── Supplied data

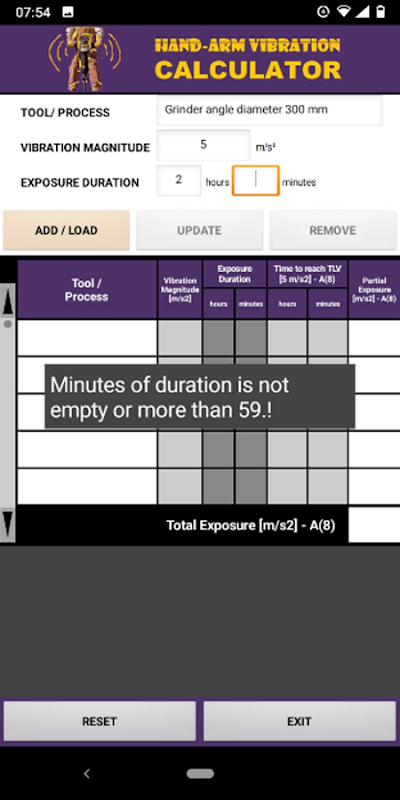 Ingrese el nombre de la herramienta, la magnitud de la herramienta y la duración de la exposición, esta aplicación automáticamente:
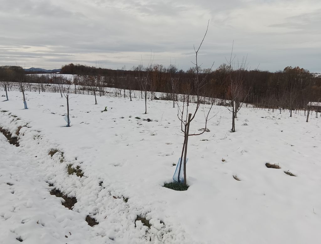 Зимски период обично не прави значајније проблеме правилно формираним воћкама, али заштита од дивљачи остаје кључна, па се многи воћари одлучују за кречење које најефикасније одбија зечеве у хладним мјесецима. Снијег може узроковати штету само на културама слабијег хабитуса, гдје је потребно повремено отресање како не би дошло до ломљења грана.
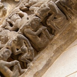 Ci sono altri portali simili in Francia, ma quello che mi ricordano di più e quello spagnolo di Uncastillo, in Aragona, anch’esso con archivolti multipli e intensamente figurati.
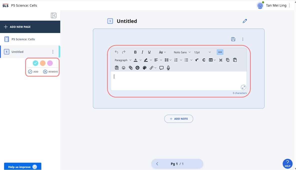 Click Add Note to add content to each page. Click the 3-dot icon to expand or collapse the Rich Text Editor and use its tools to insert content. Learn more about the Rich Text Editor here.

────
── Supplied data

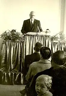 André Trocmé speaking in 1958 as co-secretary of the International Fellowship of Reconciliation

────

> [Your task]
Repeat only the stretch of data above that runs from the line with "Зимски период обично" to the line with "Click Add Note". Keep both end lines; exclude pictures.

> [Written response]
 Зимски период обично не прави значајније проблеме правилно формираним воћкама, али заштита од дивљачи остаје кључна, па се многи воћари одлучују за кречење које најефикасније одбија зечеве у хладним мјесецима. Снијег може узроковати штету само на културама слабијег хабитуса, гдје је потребно повремено отресање како не би дошло до ломљења грана.
 Ci sono altri portali simili in Francia, ma quello che mi ricordano di più e quello spagnolo di Uncastillo, in Aragona, anch’esso con archivolti multipli e intensamente figurati.
 Click Add Note to add content to each page. Click the 3-dot icon to expand or collapse the Rich Text Editor and use its tools to insert content. Learn more about the Rich Text Editor here.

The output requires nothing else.